* [Dataset records]:
- - - - -

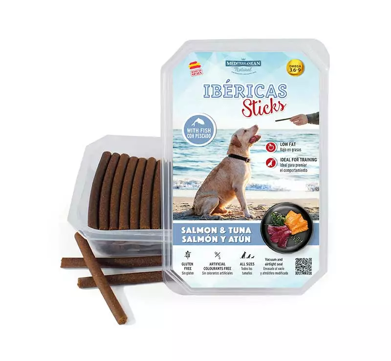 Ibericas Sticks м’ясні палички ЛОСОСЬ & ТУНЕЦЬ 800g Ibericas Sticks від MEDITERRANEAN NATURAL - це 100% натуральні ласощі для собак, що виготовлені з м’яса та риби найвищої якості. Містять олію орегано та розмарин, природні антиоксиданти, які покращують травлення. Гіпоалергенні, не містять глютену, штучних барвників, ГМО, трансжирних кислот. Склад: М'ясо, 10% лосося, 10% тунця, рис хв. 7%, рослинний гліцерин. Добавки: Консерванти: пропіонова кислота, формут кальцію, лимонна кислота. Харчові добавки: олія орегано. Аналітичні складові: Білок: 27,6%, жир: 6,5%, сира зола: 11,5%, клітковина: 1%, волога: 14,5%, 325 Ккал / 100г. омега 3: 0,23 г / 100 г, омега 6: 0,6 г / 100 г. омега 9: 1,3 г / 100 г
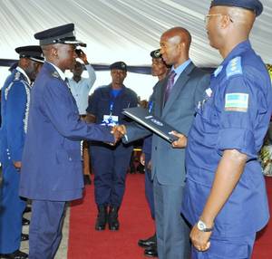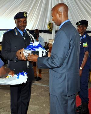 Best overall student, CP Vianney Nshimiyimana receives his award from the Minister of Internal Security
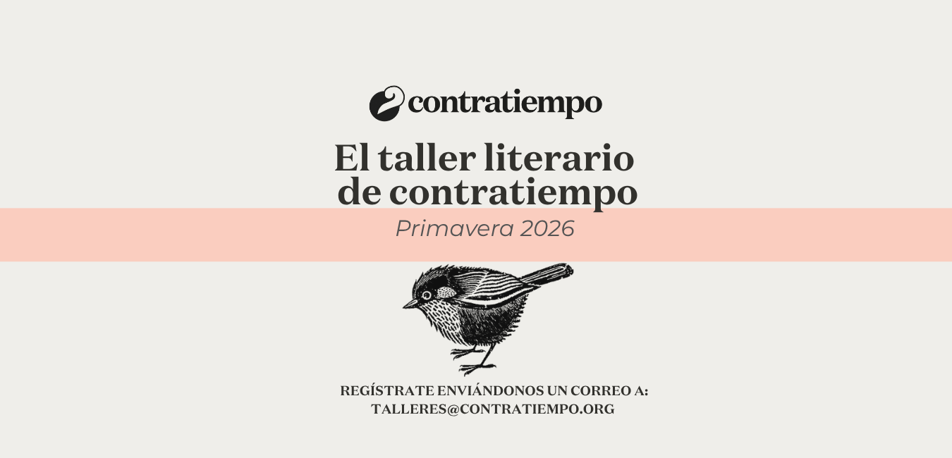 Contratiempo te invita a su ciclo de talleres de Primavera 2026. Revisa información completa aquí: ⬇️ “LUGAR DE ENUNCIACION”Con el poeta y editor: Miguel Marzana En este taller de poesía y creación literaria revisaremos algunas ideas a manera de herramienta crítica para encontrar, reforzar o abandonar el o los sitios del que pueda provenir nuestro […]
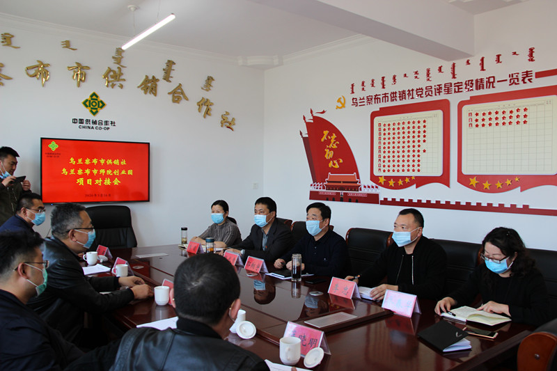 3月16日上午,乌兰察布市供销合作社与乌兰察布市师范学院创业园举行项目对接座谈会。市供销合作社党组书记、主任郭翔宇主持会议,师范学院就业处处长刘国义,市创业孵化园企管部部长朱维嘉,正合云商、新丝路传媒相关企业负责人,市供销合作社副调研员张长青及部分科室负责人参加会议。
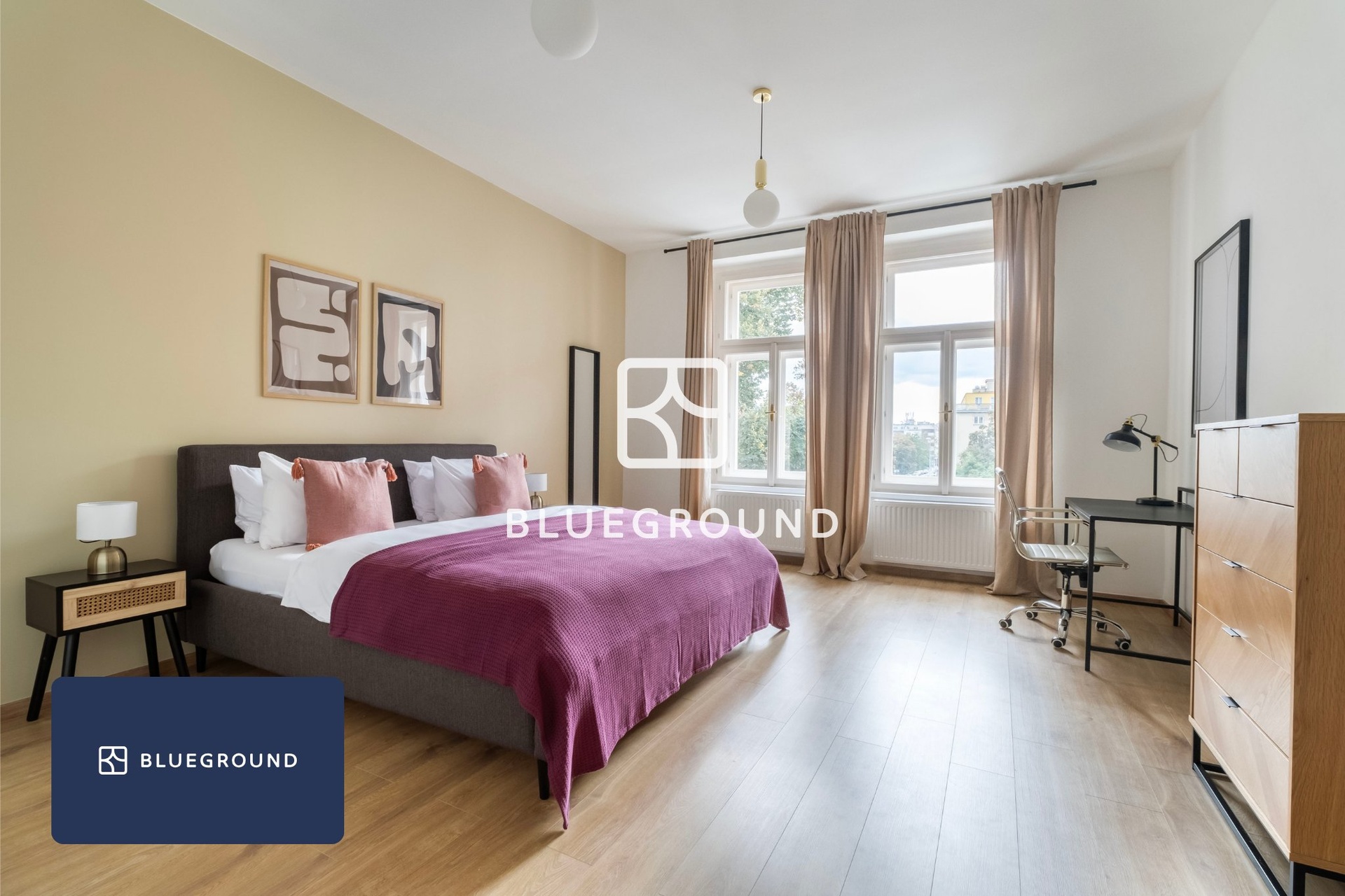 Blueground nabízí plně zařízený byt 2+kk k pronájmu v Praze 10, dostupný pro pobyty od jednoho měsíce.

- - - - -

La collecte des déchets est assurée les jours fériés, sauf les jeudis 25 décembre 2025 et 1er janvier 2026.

- - - - -

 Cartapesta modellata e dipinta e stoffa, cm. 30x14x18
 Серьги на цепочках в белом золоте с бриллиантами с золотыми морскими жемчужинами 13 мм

- - - - -

* [About this exercise]:
Take the entries above and copy exactly the lines starting at the one with "Ibericas Sticks м’ясні" and ending at the one with "Best overall student, CP"; nothing outside that span, and no pictures.

* [Your solution]:
 Ibericas Sticks м’ясні палички ЛОСОСЬ & ТУНЕЦЬ 800g Ibericas Sticks від MEDITERRANEAN NATURAL - це 100% натуральні ласощі для собак, що виготовлені з м’яса та риби найвищої якості. Містять олію орегано та розмарин, природні антиоксиданти, які покращують травлення. Гіпоалергенні, не містять глютену, штучних барвників, ГМО, трансжирних кислот. Склад: М'ясо, 10% лосося, 10% тунця, рис хв. 7%, рослинний гліцерин. Добавки: Консерванти: пропіонова кислота, формут кальцію, лимонна кислота. Харчові добавки: олія орегано. Аналітичні складові: Білок: 27,6%, жир: 6,5%, сира зола: 11,5%, клітковина: 1%, волога: 14,5%, 325 Ккал / 100г. омега 3: 0,23 г / 100 г, омега 6: 0,6 г / 100 г. омега 9: 1,3 г / 100 г
 Best overall student, CP Vianney Nshimiyimana receives his award from the Minister of Internal Security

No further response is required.